An American-led maritime coalition recently intercepted a fishing boat carrying weapons off the coast of Oman, according to news reports on Monday. U.S. officials suspect the boat was destined for Iranian-backed Houthi rebels in Yemen, and the U.S. Navy said it believes the boat set off from Iran with an Iranian crew. The announcement provides a timely reminder that, since signing the Joint Comprehensive Plan of Action nuclear deal last summer, Iran has continued to ship weapons to its violent proxies in the Arabian Peninsula.
The suspicious dhow was intercepted on February 27 by an Australian frigate under a multinational naval task force known as Combined Maritime Forces, which is led by the U.S. and based out of Bahrain. The ship was carrying 1,989 AK-47 assault rifles, 100 rocket-propelled grenade launchers, 49 machine guns, and 20 mortar tubes – a haul valued at over $2 million. Australia indicated that the dhow was “headed toward the Somalia coast,” and CNN reported the weapons may have been “headed to Yemen by way of Somalia.”
The February intercept was similar to an operation conducted in September 2015, when the Saudi-led military coalition in Yemen announced it had thwarted an attempt to smuggle weapons to Houthi militias. U.S. officials indicated that ship was registered to an Iranian national and that its cargo – which included Iranian and Russian-made anti-tank missiles – originated in Iran. A vessel from an unnamed Gulf Cooperation Council country which conducted that interception was operating under the Combined Maritime Forces coalition, with the assistance of an American destroyer. Again, that seized dhow’s crew claimed they were headed to Somalia when intercepted about 150 miles southeast of the Omani city of Salalah. Notably, the Omanis just inked a deal to increase Iranian shipping to Salalah.

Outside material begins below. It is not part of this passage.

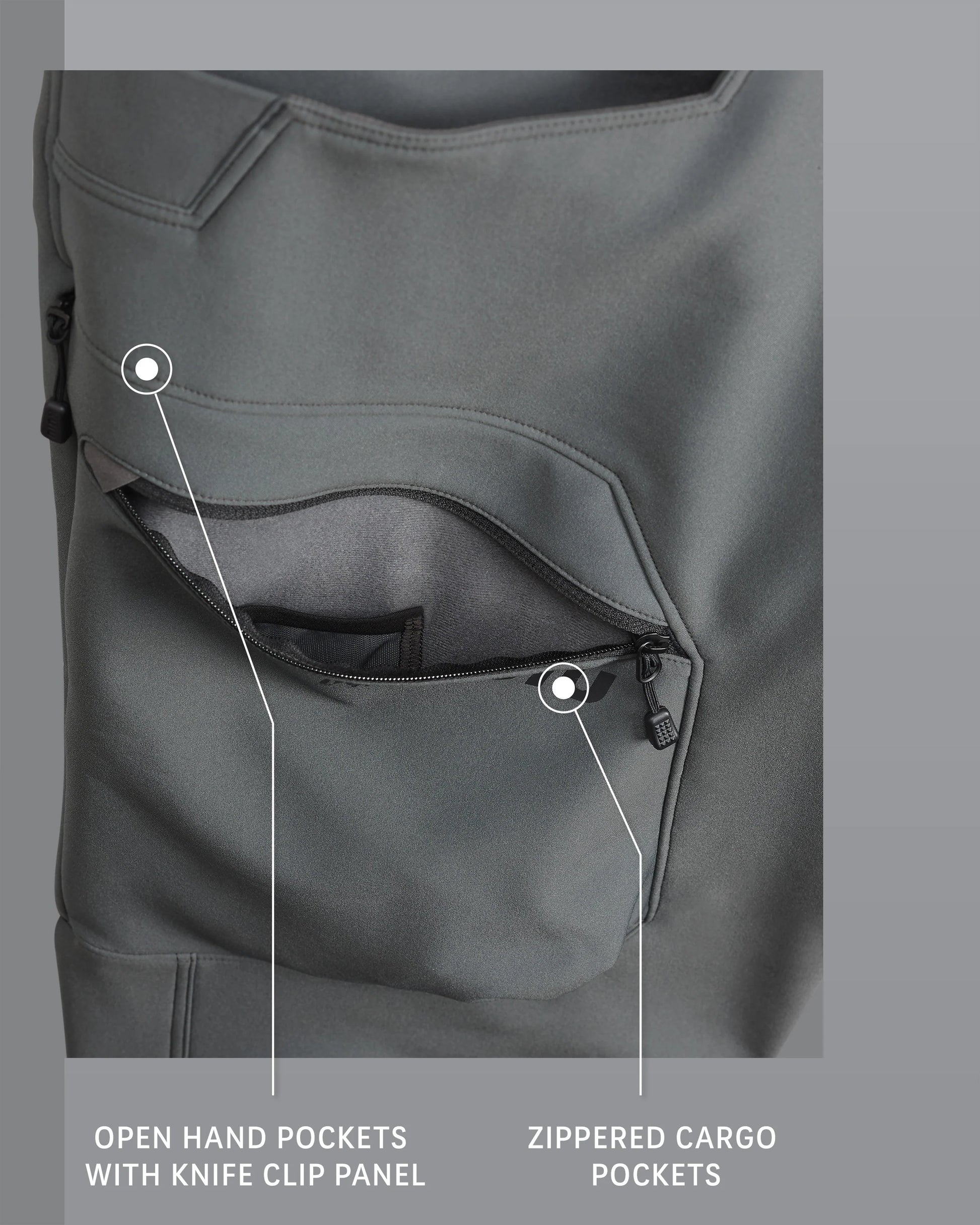 - Zippered cargo pockets

Every year since 2012, news outlets have reported on large maritime weapons shipments to Yemen’s Houthis from Iran. U.S. and Saudi officials also indicated last year that Tehran was sending military materiel on flights to Sanaa before the imposition of the Saudi-led military blockade. Since then, the U.S. Treasury has confirmed that Iran continued to supply weapons to extremist groups in Yemen.

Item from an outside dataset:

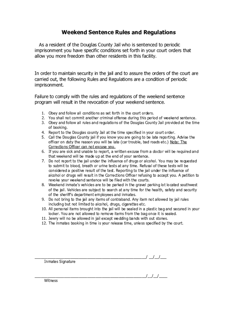 Weekend Sentence Rules and Regulations As a resident of the Douglas County Jail who is sentenced to periodic imprisonment you have specific conditions set forth in your court orders that allow you

Yemen is not the only destination for Iranian weapons in the Arabian Peninsula. In August 2015, for example, Kuwait’s Interior Ministry discovered a weapons cache that included over 40,000 pounds of ammunition, 300 pounds of explosives, and 200 hand grenades. A Kuwaiti court ruled last year that the leader of the smuggling cell had arranged with Iran’s Islamic Revolutionary Guard Corps (IRGC) to bring arms and explosives into Kuwait. He was convicted of smuggling and spying for Hezbollah and Iran.
Similarly, the State Department confirmed in 2014 that the Bahraini Coast Guard had interdicted a speedboat trying to smuggle weapons and Iranian explosives, and that during questioning, the suspects had admitted to undergoing paramilitary training in Iran. Since then, Bahraini authorities have announced the capture of other explosives they said bore clear similarities to those used by the IRGC. The Bahrainis also claim to have thwarted a July 2015 effort to smuggle enough explosives by boat from Iran to “obliterate” the capital district of Manama.
Not even Saudi Arabia is immune: in October 2015, Riyadh’s foreign minister accused the Islamic Republic of trying to smuggle explosives into the kingdom. The Saudis reportedly intercepted a smuggled shipment of armor-piercing explosively formed penetrators several months earlier from Bahrain by an Iranian-backed Shiite terrorist group.
When President Obama hosted top officials from the six Arab Gulf monarchies at Camp David last year, he offered them a range of defense pledges to allay their fears about intensified Iranian aggression in the wake of the nuclear deal, including training and assistance to combat weapons smuggling. Given Iran’s continued weapons smuggling into the Arabian Peninsula, it seems that even more is needed.